Copy, from the data below, every line that has "with" in it.
=== Begin Enclosure ===
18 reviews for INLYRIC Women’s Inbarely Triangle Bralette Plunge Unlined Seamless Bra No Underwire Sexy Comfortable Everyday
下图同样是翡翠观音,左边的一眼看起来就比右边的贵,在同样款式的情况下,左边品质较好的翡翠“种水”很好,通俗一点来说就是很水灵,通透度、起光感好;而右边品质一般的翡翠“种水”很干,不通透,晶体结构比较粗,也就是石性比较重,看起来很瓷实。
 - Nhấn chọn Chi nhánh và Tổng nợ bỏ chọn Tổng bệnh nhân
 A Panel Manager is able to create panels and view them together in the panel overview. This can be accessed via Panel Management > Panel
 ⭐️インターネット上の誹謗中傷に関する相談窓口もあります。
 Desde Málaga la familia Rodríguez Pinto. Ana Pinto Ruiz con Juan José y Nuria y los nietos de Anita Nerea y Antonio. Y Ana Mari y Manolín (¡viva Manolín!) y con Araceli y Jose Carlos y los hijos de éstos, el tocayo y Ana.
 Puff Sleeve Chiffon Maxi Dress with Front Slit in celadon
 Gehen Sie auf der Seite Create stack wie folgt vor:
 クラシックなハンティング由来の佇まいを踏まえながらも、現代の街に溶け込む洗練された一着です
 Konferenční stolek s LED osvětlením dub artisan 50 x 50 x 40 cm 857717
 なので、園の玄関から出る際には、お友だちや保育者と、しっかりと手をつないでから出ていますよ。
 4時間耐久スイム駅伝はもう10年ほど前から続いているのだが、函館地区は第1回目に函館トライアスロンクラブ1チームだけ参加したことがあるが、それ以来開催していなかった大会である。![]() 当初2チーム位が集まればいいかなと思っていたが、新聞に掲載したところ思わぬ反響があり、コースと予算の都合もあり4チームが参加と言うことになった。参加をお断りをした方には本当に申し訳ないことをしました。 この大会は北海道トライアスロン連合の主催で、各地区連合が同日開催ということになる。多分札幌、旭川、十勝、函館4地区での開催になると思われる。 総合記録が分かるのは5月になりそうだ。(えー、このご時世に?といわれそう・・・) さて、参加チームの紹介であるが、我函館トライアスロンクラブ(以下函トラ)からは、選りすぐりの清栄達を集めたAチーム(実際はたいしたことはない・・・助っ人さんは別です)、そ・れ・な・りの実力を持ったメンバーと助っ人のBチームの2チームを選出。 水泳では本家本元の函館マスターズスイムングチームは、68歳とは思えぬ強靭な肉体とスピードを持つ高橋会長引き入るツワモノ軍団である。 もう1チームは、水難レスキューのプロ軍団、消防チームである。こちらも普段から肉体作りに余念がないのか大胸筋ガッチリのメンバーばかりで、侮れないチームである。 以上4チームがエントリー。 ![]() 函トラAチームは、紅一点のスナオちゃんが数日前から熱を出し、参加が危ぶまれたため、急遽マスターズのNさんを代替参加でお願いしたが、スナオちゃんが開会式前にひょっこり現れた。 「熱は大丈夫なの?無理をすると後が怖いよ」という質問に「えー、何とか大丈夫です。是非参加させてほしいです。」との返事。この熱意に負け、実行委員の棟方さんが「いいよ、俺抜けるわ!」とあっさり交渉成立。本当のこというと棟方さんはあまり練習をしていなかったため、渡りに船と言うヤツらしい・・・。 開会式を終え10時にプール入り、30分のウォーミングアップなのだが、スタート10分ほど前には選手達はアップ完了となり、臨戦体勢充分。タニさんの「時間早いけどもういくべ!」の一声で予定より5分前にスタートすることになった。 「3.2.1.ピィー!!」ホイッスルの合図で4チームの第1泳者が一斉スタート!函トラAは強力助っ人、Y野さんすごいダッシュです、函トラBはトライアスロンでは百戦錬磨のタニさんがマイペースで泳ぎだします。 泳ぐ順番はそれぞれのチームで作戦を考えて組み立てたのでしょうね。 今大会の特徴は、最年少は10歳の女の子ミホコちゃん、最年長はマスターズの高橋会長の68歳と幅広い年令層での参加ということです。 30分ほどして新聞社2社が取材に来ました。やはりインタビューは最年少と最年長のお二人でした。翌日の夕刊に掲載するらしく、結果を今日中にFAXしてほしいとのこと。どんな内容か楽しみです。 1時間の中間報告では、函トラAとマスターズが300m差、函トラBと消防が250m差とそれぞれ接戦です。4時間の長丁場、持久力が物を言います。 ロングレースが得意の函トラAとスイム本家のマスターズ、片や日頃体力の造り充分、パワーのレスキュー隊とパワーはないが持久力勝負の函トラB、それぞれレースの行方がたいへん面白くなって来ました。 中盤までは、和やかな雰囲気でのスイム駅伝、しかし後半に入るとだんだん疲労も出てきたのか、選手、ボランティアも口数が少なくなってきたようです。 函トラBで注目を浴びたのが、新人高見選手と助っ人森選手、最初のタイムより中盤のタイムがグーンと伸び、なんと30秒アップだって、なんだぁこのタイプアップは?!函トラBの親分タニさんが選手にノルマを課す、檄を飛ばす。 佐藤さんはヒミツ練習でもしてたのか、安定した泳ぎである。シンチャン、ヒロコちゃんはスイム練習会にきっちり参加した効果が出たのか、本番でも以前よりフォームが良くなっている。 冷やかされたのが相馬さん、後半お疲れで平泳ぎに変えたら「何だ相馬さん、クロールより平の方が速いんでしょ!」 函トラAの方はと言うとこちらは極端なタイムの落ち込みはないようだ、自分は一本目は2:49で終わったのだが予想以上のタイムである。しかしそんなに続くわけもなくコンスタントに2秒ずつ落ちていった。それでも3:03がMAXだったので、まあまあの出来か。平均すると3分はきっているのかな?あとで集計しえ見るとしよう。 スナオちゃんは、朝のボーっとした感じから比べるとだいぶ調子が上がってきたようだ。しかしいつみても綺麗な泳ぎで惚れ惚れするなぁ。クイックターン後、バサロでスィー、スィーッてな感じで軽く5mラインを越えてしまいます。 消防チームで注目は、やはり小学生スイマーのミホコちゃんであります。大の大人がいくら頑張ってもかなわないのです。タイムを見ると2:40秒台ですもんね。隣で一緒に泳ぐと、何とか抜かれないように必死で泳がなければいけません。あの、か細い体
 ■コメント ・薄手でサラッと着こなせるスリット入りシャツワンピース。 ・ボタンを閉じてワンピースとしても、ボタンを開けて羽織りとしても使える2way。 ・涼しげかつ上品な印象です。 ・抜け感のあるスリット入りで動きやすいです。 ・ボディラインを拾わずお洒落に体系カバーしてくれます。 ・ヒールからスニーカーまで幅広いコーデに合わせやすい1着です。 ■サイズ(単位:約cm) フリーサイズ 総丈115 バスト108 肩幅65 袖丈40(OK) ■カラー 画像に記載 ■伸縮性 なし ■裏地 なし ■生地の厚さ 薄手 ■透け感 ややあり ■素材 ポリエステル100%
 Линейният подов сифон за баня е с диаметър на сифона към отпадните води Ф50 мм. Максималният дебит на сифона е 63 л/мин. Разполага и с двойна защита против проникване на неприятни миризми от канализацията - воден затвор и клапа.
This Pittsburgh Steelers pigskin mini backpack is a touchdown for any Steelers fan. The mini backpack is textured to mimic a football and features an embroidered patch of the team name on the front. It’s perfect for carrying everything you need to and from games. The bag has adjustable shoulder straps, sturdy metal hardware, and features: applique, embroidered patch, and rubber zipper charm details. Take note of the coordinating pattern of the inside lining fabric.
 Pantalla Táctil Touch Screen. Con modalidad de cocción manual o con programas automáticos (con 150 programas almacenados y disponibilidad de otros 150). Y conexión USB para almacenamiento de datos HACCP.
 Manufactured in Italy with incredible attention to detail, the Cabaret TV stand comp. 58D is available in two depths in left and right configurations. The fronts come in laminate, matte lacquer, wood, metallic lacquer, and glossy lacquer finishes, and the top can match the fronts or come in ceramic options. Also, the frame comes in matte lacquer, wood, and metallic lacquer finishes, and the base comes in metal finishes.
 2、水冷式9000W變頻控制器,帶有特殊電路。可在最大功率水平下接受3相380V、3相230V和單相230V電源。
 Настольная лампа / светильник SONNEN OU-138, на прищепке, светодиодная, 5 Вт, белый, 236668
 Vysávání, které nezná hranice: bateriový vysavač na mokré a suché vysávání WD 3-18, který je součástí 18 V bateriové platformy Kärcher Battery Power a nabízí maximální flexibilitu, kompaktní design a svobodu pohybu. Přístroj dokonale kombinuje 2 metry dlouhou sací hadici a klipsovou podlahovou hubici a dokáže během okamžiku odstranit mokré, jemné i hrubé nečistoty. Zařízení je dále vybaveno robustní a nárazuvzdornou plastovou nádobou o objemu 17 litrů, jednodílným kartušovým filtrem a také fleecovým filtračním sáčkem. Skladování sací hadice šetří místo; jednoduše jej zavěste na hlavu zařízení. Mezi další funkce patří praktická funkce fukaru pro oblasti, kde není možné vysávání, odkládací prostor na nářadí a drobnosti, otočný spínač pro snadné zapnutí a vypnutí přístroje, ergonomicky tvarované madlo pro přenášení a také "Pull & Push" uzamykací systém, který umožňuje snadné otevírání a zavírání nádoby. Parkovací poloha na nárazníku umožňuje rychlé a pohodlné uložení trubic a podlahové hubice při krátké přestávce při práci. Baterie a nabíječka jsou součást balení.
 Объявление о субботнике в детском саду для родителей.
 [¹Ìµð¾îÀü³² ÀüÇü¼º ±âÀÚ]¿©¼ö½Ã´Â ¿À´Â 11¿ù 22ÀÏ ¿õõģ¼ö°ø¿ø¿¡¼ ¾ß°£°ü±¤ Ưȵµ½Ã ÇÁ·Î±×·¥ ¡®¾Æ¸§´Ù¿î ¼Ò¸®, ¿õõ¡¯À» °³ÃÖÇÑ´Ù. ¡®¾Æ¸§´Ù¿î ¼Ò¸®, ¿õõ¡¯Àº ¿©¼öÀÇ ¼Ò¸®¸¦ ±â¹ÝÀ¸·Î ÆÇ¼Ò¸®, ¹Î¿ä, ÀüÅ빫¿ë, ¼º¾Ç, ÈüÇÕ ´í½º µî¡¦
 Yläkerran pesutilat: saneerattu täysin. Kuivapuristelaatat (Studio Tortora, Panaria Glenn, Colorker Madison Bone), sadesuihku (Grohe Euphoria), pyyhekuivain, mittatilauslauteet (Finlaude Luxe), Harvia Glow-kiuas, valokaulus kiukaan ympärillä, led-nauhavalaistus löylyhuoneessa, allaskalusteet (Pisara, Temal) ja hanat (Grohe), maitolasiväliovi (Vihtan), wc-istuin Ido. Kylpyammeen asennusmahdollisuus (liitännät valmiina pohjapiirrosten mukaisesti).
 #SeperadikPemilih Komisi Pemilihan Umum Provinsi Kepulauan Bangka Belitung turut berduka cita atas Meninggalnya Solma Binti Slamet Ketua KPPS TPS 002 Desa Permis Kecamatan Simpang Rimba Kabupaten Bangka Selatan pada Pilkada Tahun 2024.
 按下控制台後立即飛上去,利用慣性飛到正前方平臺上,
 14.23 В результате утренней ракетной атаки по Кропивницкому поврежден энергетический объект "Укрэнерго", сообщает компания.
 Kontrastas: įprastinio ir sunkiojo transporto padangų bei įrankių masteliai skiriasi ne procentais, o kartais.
=== End Enclosure ===
Result:
 Puff Sleeve Chiffon Maxi Dress with Front Slit in celadon
 Manufactured in Italy with incredible attention to detail, the Cabaret TV stand comp. 58D is available in two depths in left and right configurations. The fronts come in laminate, matte lacquer, wood, metallic lacquer, and glossy lacquer finishes, and the top can match the fronts or come in ceramic options. Also, the frame comes in matte lacquer, wood, and metallic lacquer finishes, and the base comes in metal finishes.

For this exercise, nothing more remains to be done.